Upon divorce, the EU citizens’ Directive (which sets out most of the rules governing EU citizens who moved to another Member State) provides specific protection. As a general rule, they can remain if the marriage has lasted three years, including one year in the host State. They can also stay if they have custody of the children, or access to them in the host State. Finally, they can also stay if ‘this is warranted by particularly difficult circumstances, such as having been a victim of domestic violence while the marriage…was subsisting’. In any of these cases, they can later get permanent residence status.

The recent judgment in NA was the first time the Court of Justice has interpreted the specific rule on domestic violence cases. It follows last year’s judgment in Singh, where the Court first interpreted the general rule about divorce. Both cases raised the same underlying issue: what happens if the EU citizen leaves the host State before the divorce is finalised? Does that departure immediately end the non-EU citizen’s status under the citizens’ Directive, trumping the retention of their residence that would otherwise apply during their separation and (probably) their subsequent divorce from their spouse?  

According to the Court of Justice, it does. This reasoning was an unconvincing interpretation of the general rule in Singh, and it is a particularly unconvincing interpretation of the special rule on domestic violence victims, taking insufficient account of the social context of this rule. While the victim in NA was able to rely on other provisions of EU law, not all victims will be able to. The Court of Justice should therefore rethink its position if the case arises – particularly in light of the EU’s planned signature of the Istanbul Convention on violence against women.

The judgment

The case concerned the status of a Pakistani woman who moved to the UK with her German husband. (The judgment will no longer be relevant to the UK if the country leaves the EU without an agreement on the continued free movement of people. However, it will still be relevant to other Member States). Her husband worked in the UK, and the couple had two daughters, both of whom are German citizens. She left the household due to domestic violence, and her husband left the country shortly after that, before any divorce proceedings began. She subsequently sought permanent residence status in the UK.

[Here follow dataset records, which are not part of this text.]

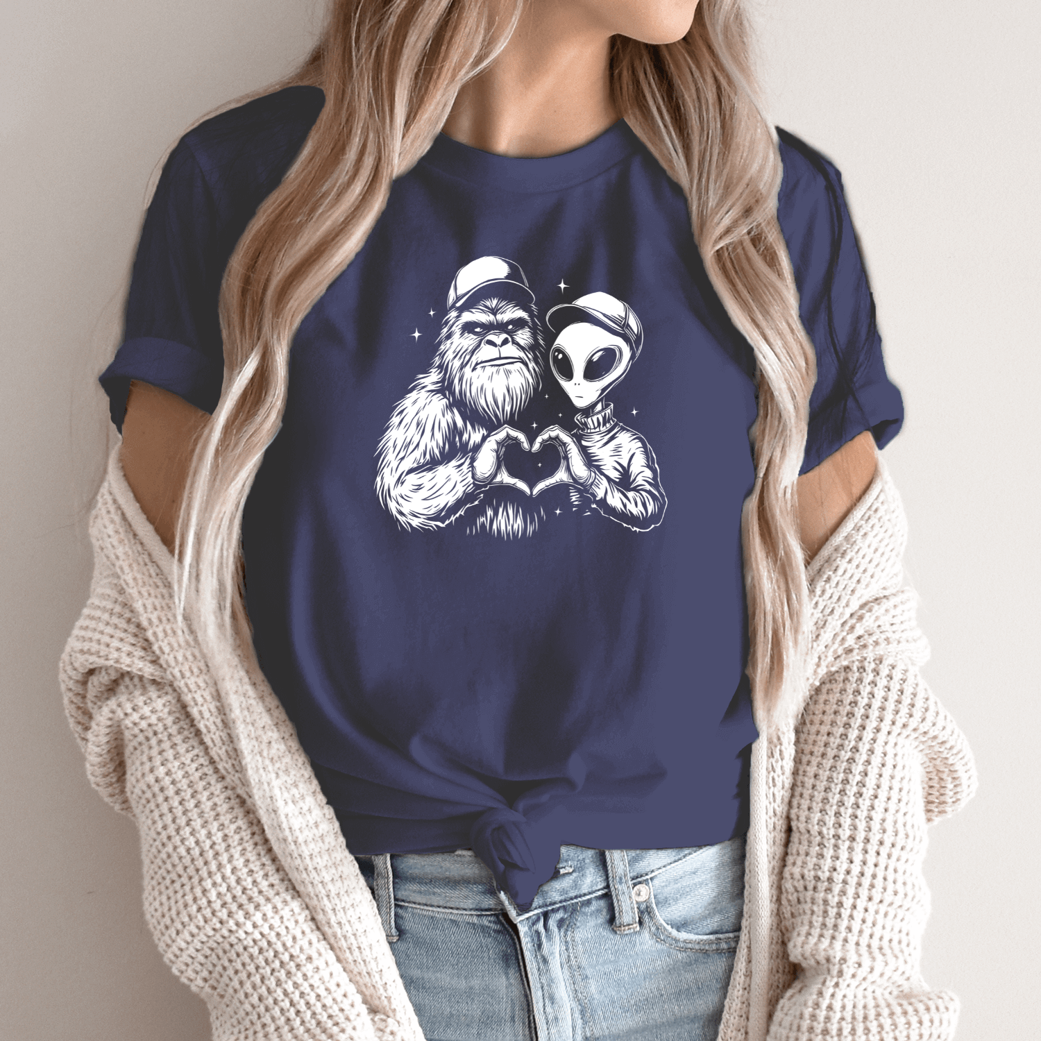 Būkite pirmas aprašęs “Unisex marškinėliai su spauda „Marsietis ir Bigfutas kartu“”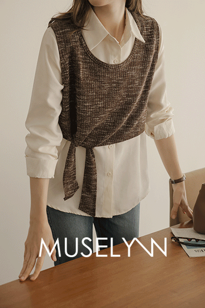 [뮤즈린] 포비 꼬임 셔츠+니트조끼 SET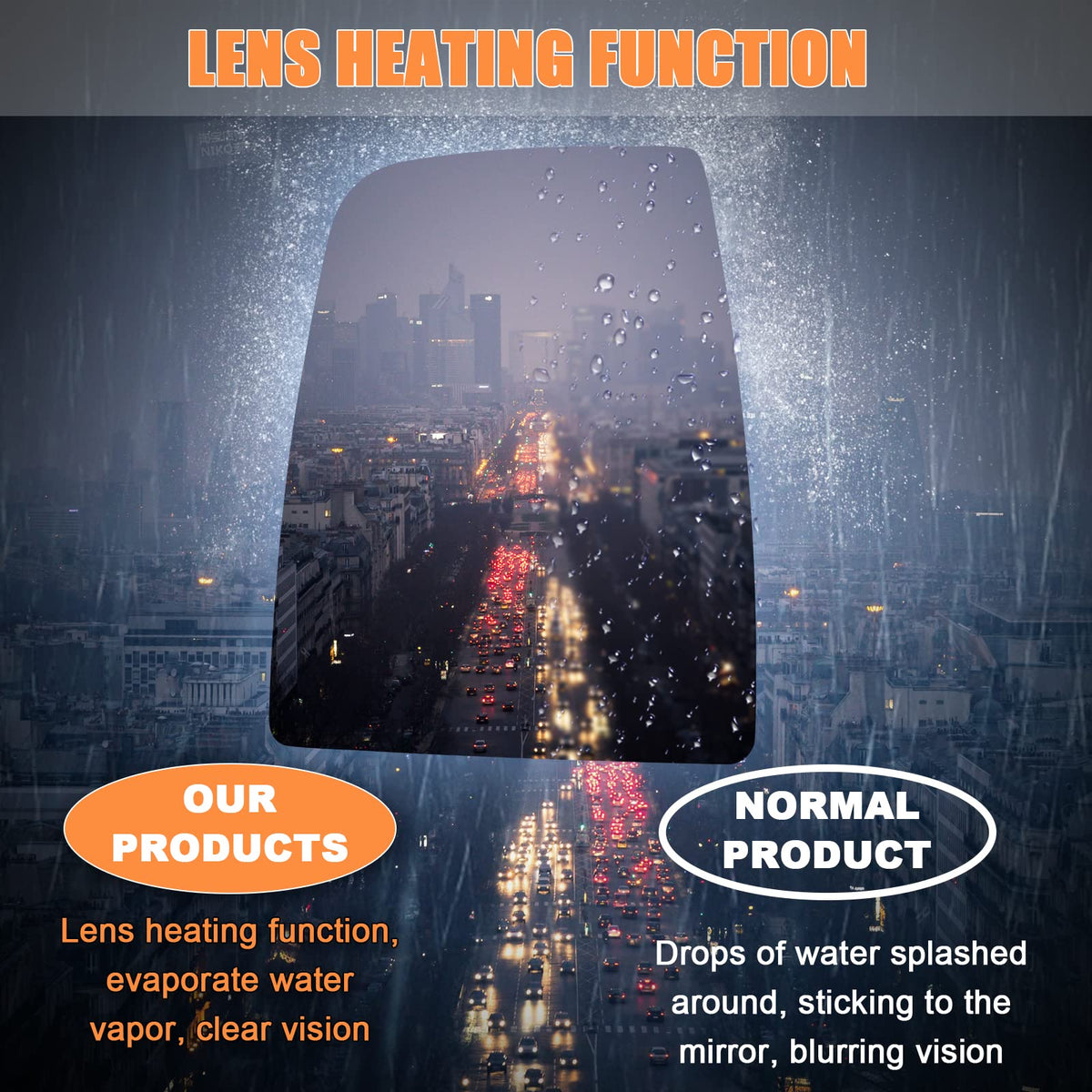 Q: Does this mirror glass have any special features?A: Yes, this mirror glass includes a heated function to prevent fogging and ice buildup, enhancing visibility in various weather conditions. It does not come with auto-dimming features.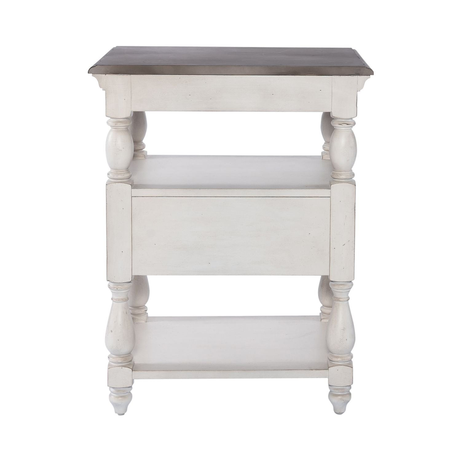 Enhance your space with the Abbey Road drawer end table. Crafted of poplar solids with birch veneers, this piece features a porcelain white finish with a Churchill brown top, two open shelves, one full extension drawer and a pull out shelf for additional storage accented by antique pewter knob hardware, anchored by round turned legs. This unique end table will bring a warm feel to any luxurious antique style space.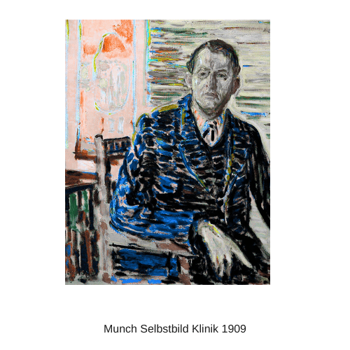 Es sind all diese Erfahrungen, die der Maler später in seinen Werken verarbeitet. Edvard selbst hat wahrscheinlich eine bipolare Störung, ist also manisch-depressiv. 1909 verbringt er lange Zeit in einer Nervenklinik.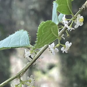 ①② ウメモドキ 梅擬 モチノキ科 本州、四国、九州、中国 山中の湿地に生える落葉低木 雌雄異株、雄花序は5〜20個、雌花序は2〜4個の花をつける 和名は梅の葉に似ている事による 牧野植物園 5/25 おはようございます ウメモドキは実を付けると赤い可愛い実が目立ってますが、花は初めての出会いでした⚪️💚 雌花序には真ん中に丸いものがあるという事です💕 こちらは見えて無いので雄花序ですと画夢さんに教えてもらいましたよ💓 🏷 木曜日は木に参加します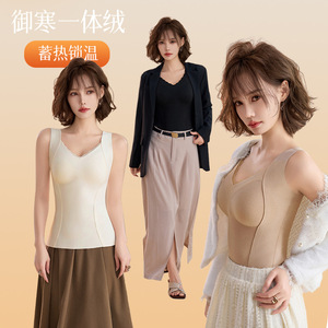 10A抗菌抗静电收腹少女加绒秋冬打底保暖内衣背心女带胸罩一体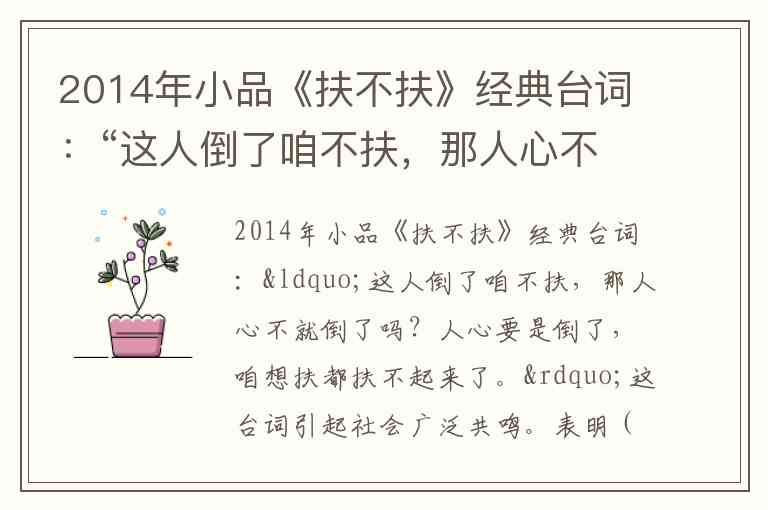 “这人倒了咱不扶,那人心不就倒了吗?”这句台词之所以引发共鸣,正因为它触及了社会信任危机的核心——当道德选择被现实风险扭曲,当善意帮扶可能伴随代价,个体的犹豫折射出群体价值观的动摇。小品通过喜剧形式揭示的“扶人困境”,本质上是道德共识与社会信任体系面临的考验。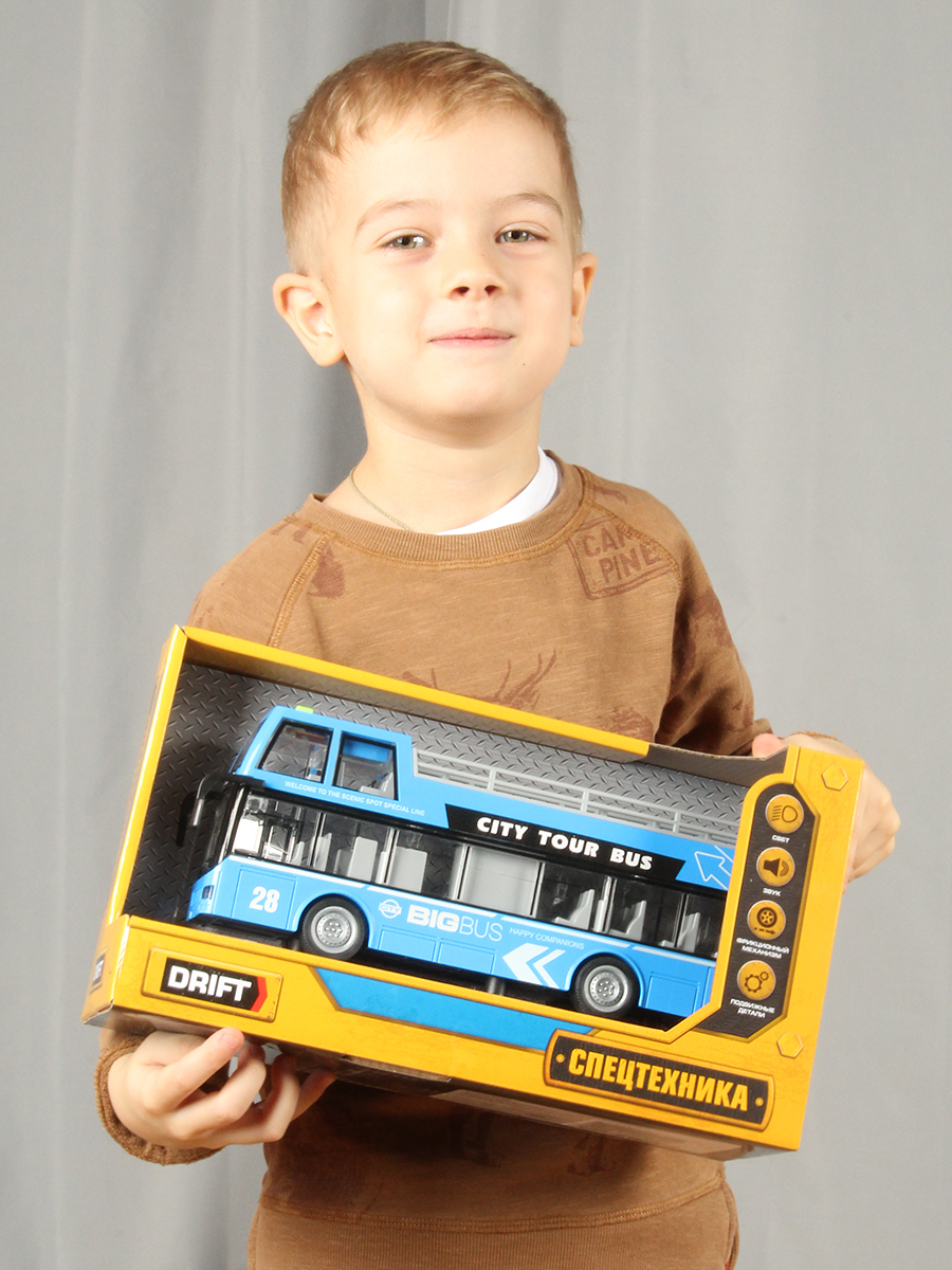 Детский игрушечный автобус со светом, звуком и фрикционным механизмом станет замечательным дополнением в коллекцию городского транспорта. Изготовлен из прочных и долговечных материалов. Оформлен в стилизованном дизайне и приятной расцветке. Игрушка автобус катается вперёд и назад. Коллекционная модель автобуса оснащена прорезиненными колёсами. Нажатие кнопок на крыше включает подсветку и запускает звуки общественного транспорта. Прокрутка колеса рядом с дверью открывает и закрывает дверь. Такой детский игрушечный транспорт станет замечательным подарком мальчику на новый год, день рождения, 23 февраля и на любой другой повод. Изготовлено из пластика и резины. Работает на батарейках AG13 3 шт., входят в комплект. Размеры детской игрушки 29х11х6 см. Размеры упаковки 32х12х19 см.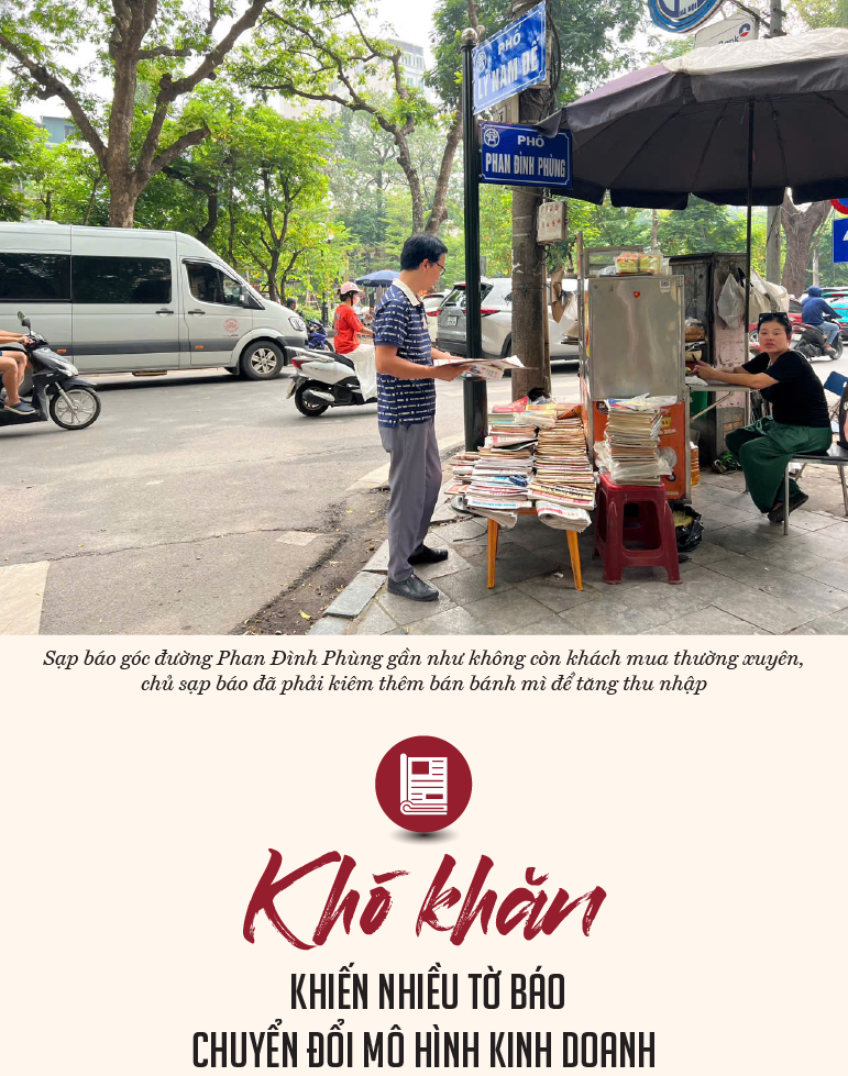 Nhưng nay, sau hơn 20 năm, góc phố sôi động đó không còn. Chị Hường – một chủ sạp báo duy nhất còn trụ lại – đã phải kiêm luôn bán bánh mì và nhật báo. Chị lắc đầu quầy quậy rồi bảo: “Chán lắm, chán lắm, một báo chỉ dám nhập về 5 tờ cũng không bán hết”.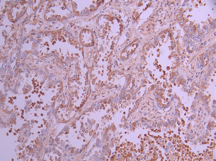 • IHC image of CSB-RA834341A0HU diluted at 1:100 and staining in paraffin-embedded human lung cancer performed on a Leica BondTM system. After dewaxing and hydration, antigen retrieval was mediated by high pressure in a citrate buffer (pH 6.0). Section was blocked with 10% normal goat serum 30min at RT. Then primary antibody (1% BSA) was incubated at 4°C overnight. The primary is detected by a Goat anti-rabbit polymer IgG labeled by HRP and visualized using 0.05% DAB.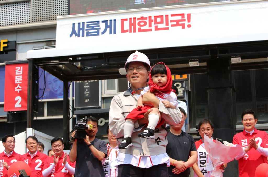김문수 국민의힘 대통령 후보가 경남 창원시 성산구 상남분수광장 집중 유세현장에서 한 지지자의 자녀를 안고 있다. 이세령 기자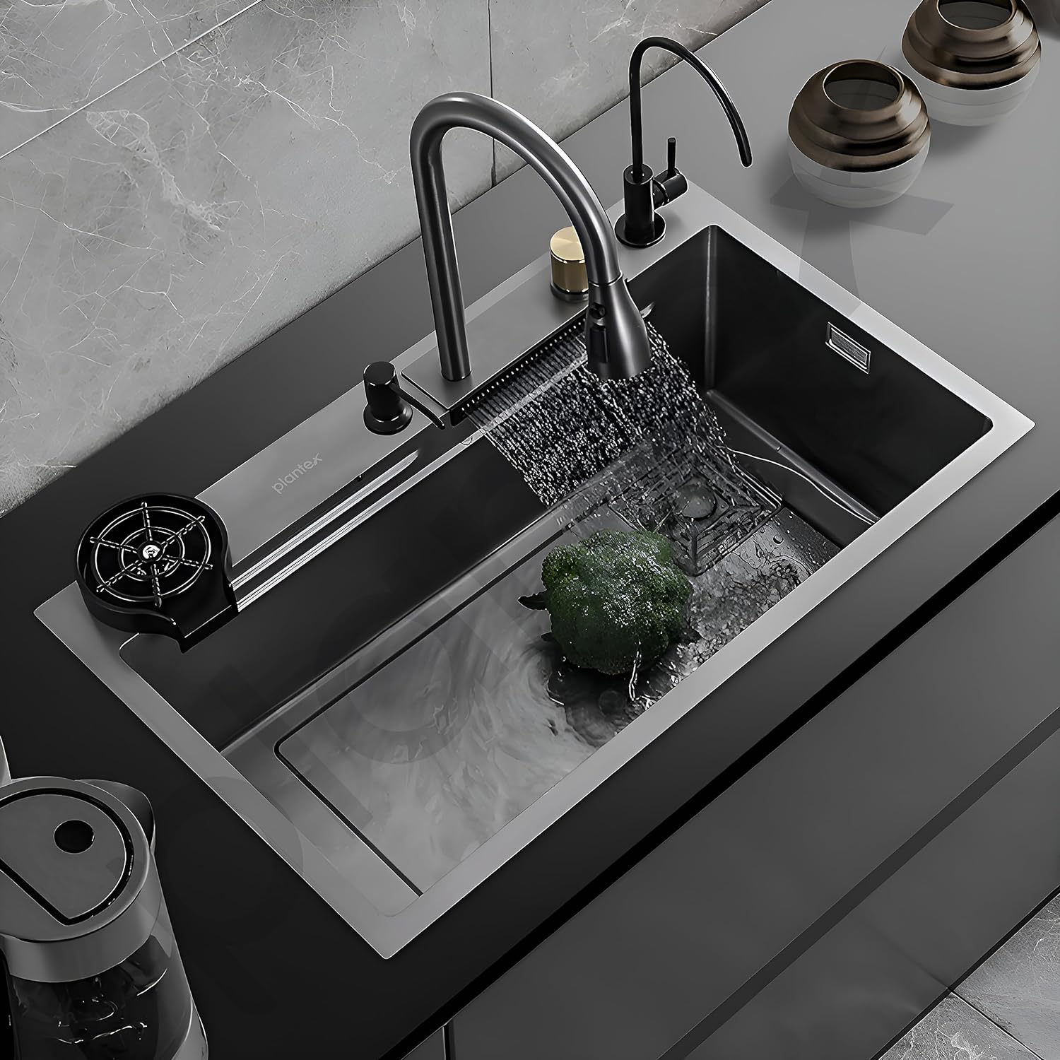 Plantex Fully Equipped Kitchen Sink with Integrated Waterfall and Pull-down Faucets

Did she retain rights under the citizens’ Directive? As noted above, the Court said she did not. It simply followed Singh, ruling that rights for the non-EU family member ended the moment the EU citizen left the country, unless divorce proceedings had begun beforehand. It gave three reasons. First, the wording of the relevant clause referred only to divorce. Second, the context was the ‘exceptional’ case where a non-EU citizen retained a right to stay despite no longer being a ‘family member’ of an EU citizen living in the same Member State. Third, the Court referred to the ‘aims’ of the law. In its view, the EU legislature had declined to make provision for cases where the EU citizen had departed the Member State, and the original proposal referred to possible ‘blackmail accompanied by threats of divorce’, with ‘safeguards’ only ‘necessary…in the event of final divorce’, as the right of residence is ‘not at all affected’ by a ‘de facto separation’.  

So she had no rights under the citizens’ Directive. However, the Court then examined two other arguments for her stay. First, the Regulation on free movement of workers says that the children of EU workers are entitled to access education. The Court had previously ruled that this entailed a right for the children to stay even if the worker had left, along with a corollary right for the parent caring for them to stay as well. The UK court questioned whether this rule applied even if (as in this case) the children only started school after the worker had left the country; the Court of Justice confirmed prior case law that it did. It was sufficient that the children were resident at some point while one parent was working in that Member State.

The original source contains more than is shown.